|Lowest Recommended Age:||Middle School|
|MPAA Rating:||PG for mild thematic elements|
|Nudity/Sex:||References to fertility|
|Violence/Scariness:||References to violence|
|Diversity Issues:||A theme of the movie|
|Movie Release Date:||2005|
|DVD Release Date:||2005|
Ushpizin is a quietly moving drama set in an almost-unseen world. It takes place in an ultra-Orthodox Jewish community in Jerusalem during the fall holiday of Sukkot, which falls this year on Sept 22-29. During Sukkot, families build tabernacles called sukkahs out of organic materials and decorate them with harvest fruits and vegetables to celebrate and give thanks for the bounty of the season. Observant Jews eat their meals and sometimes even sleep in these huts, which have their roofs open so that the people inside can see the stars.

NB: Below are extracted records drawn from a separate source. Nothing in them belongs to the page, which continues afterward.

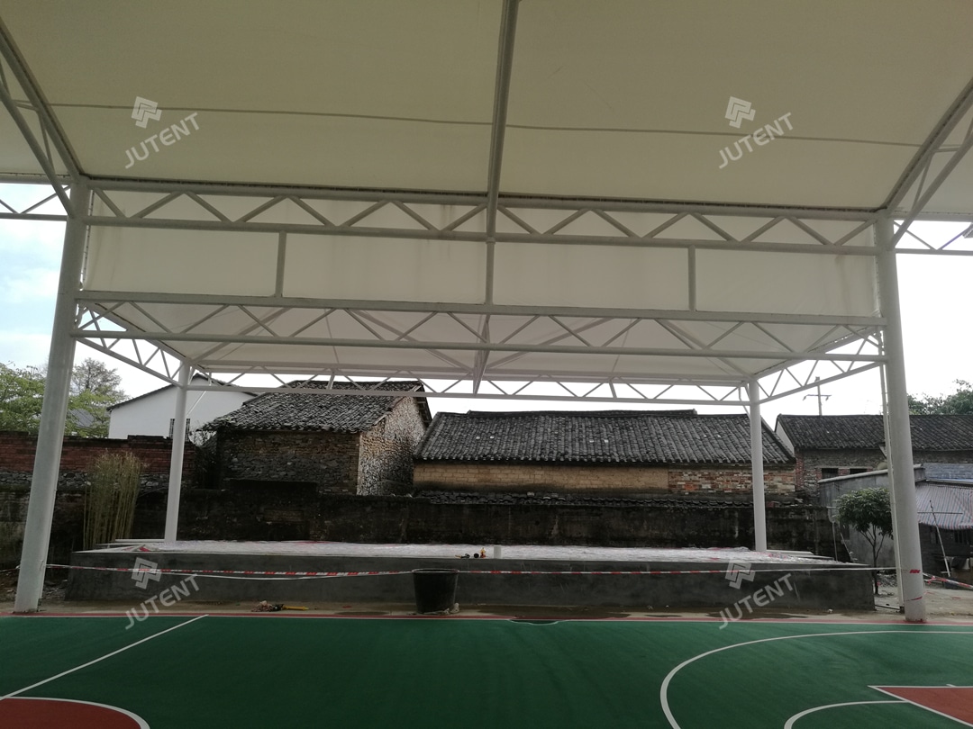 This project is in Yingde District, Qingyuan, Guangdong, China, and was finished in February 2024. The basketball court is 15 m × 28 m, and it is covered by a tensile fabric roof measuring 17 m × 32 m. Around 718 m² of membrane was used. The roof is made of white PVDF architectural fabric (1100 g/m²) and meets B1 fire safety standards. The project adopts a combined system of high-strength PVDF membrane and steel structure, guided by a design concept of lightweight construction, durability, and suitability for rural settings. The curved membrane form helps reduce wind load while creating a clean and modern visual identity that blends well with the village environment. As a result, the covered basketball court has become a central space for daily recreation, social interaction, and community activities, filling the gap for large outdoor cultural and sports facilities in the village.
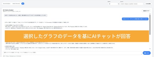 データの解釈に迷った場合は、AIチャットと対話しながら分析を進めることも可能です。分析したいグラフを選択したうえで、「モデルごとの傾向の違いを教えてください」などと質問すると、AIチャットがデータを基に回答します。
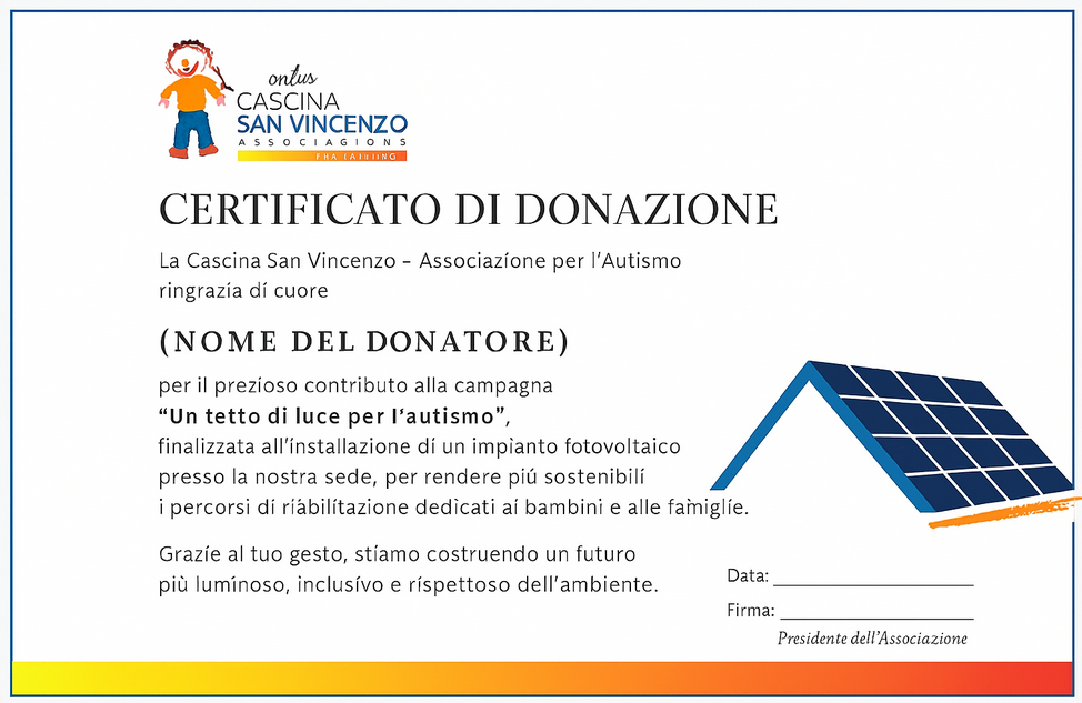 L’impianto fotovoltaico produrrà 18.000 Kw annui consentendoci un notevole risparmio di risorse economiche a favore delle nostre attività per l’autismo.
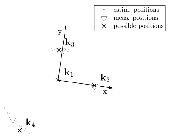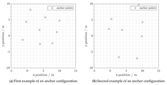 to judge the direction, where is a chosen threshold. If the measurements fulfill Equation (21), we consider the guessed anchor positions to be feasible.
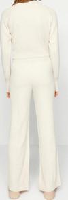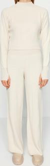 Ersefa Tarz Kadın Modern Moda Normal Bel Boru Paça Dik Yaka Crop Parmak Detaylı Triko Alt-Üst Takım
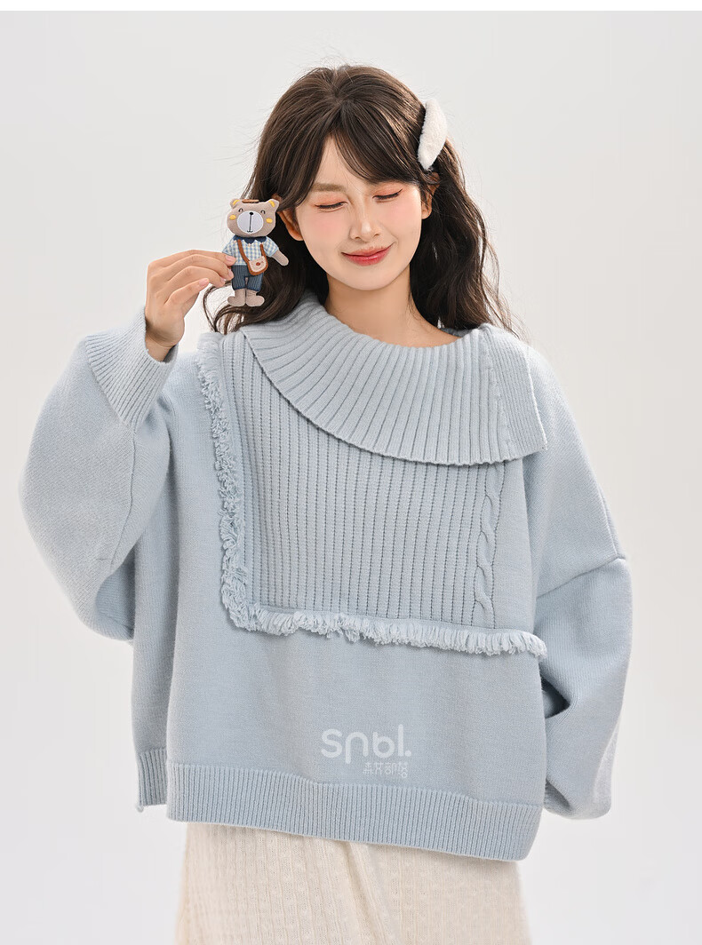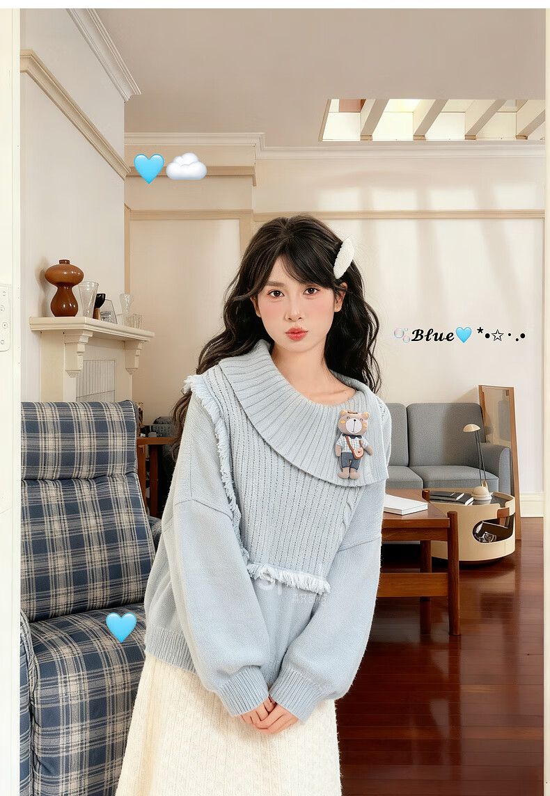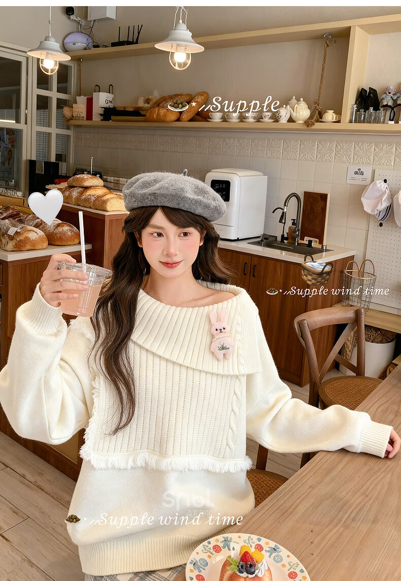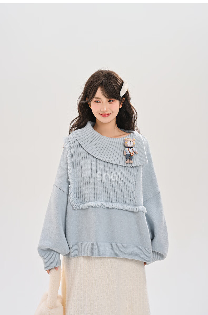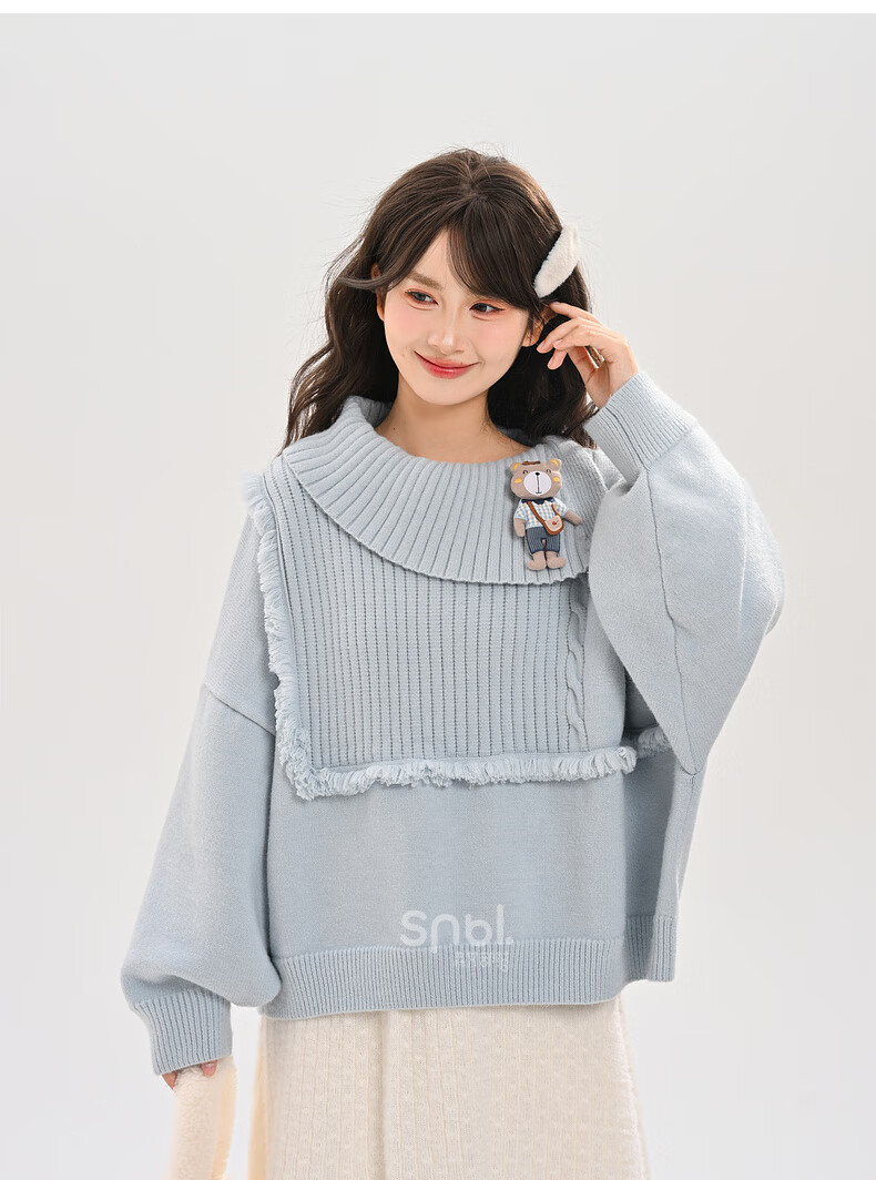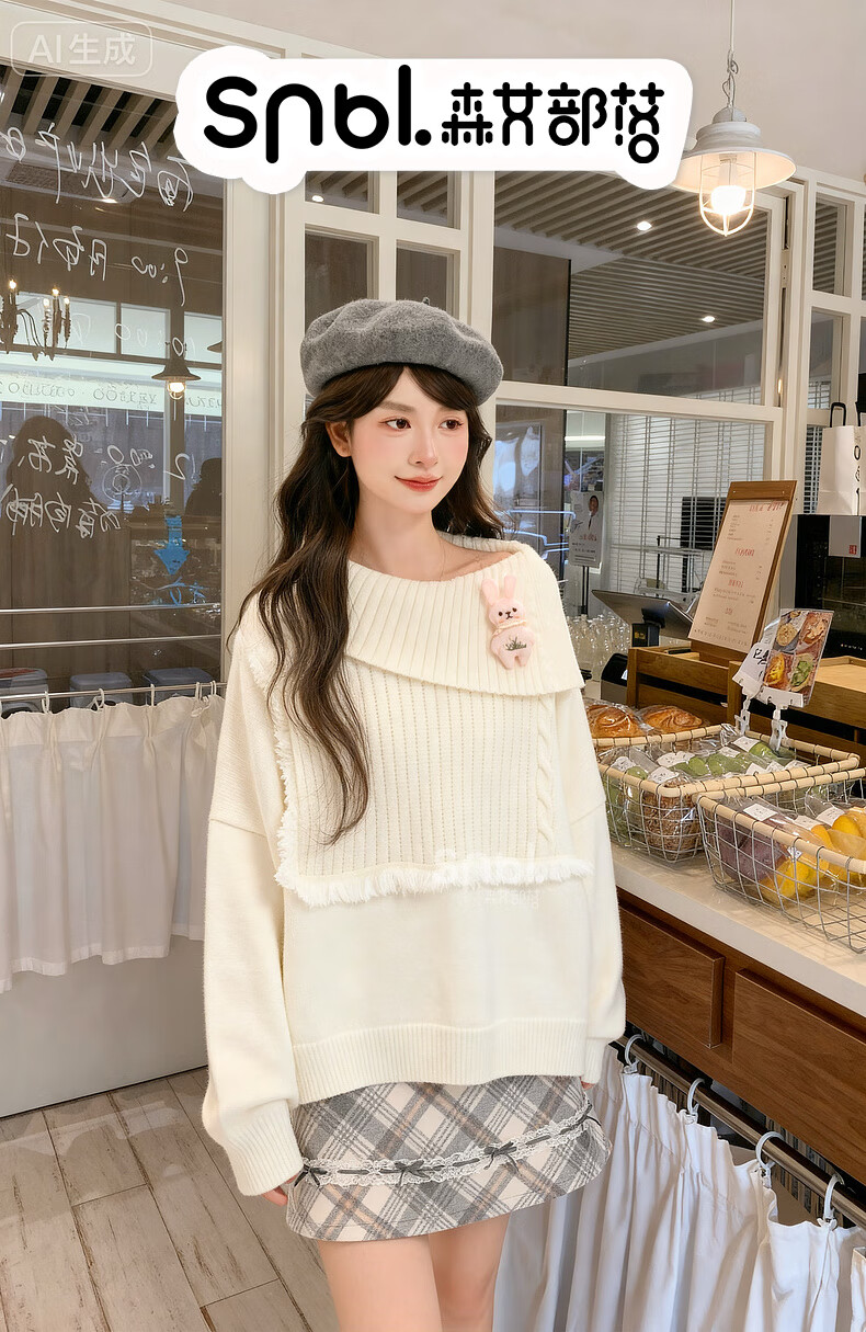 Mori Girl Tribe Lazy Style Autumn and Winter Cute Bear Design Sweater Women's 2025 New Loose Pullover Sweater Caramel Brown S Model Size

“Ushpizin” was made by the formerly secular actor Shuli Rand, who is now a part of the community where it was made, and which has never been shown on film before. Because of the restrictions on male-female contact in the Orthodox community, Rand’s wife had to play his character’s wife. Even though she had not acted professionally before, her performance is one of the movie’s highlights. She immediately engages our interest and her sweet sincerity makes her utterly captivating.
Rand plays Moshe Bellanga, a Hasidic Jew who is married to Malli (Michal Bat-Sheva Rand). They are devoted to each other and to their religious practice, but very poor. They are not even able to pay their landlord. And then a miracle happens. Through an American charity, they receive a special grant of $1000. Moshe’s religious dedication is so passionate that instead of spending the money on their daily necessities, he wants to use it to realize his dream. A part of the celebration of Sukkot is the waving of the lulav (a palm frond) and the etrog (a lemon-like citrus fruit), and the freshest and most beautiful specimens are sought after. Moshe dreams of a truly magnificent etrog, and this money makes that possible.
Meanwhile, some friends from Moshe’s past life arrive. He warmly welcomes them and invites them to stay in his sukkah, not realizing, or not caring, that they are thieves running from the law. The title of the film is an Aramaic term for “guests.”
The glimpses of life in this community are as interesting as the story, which unfolds in a direction that differs from the usual movie conventions of order being confronted by chaos. It is a tender, touching, and inspiring story of love, faith, and genuine goodness.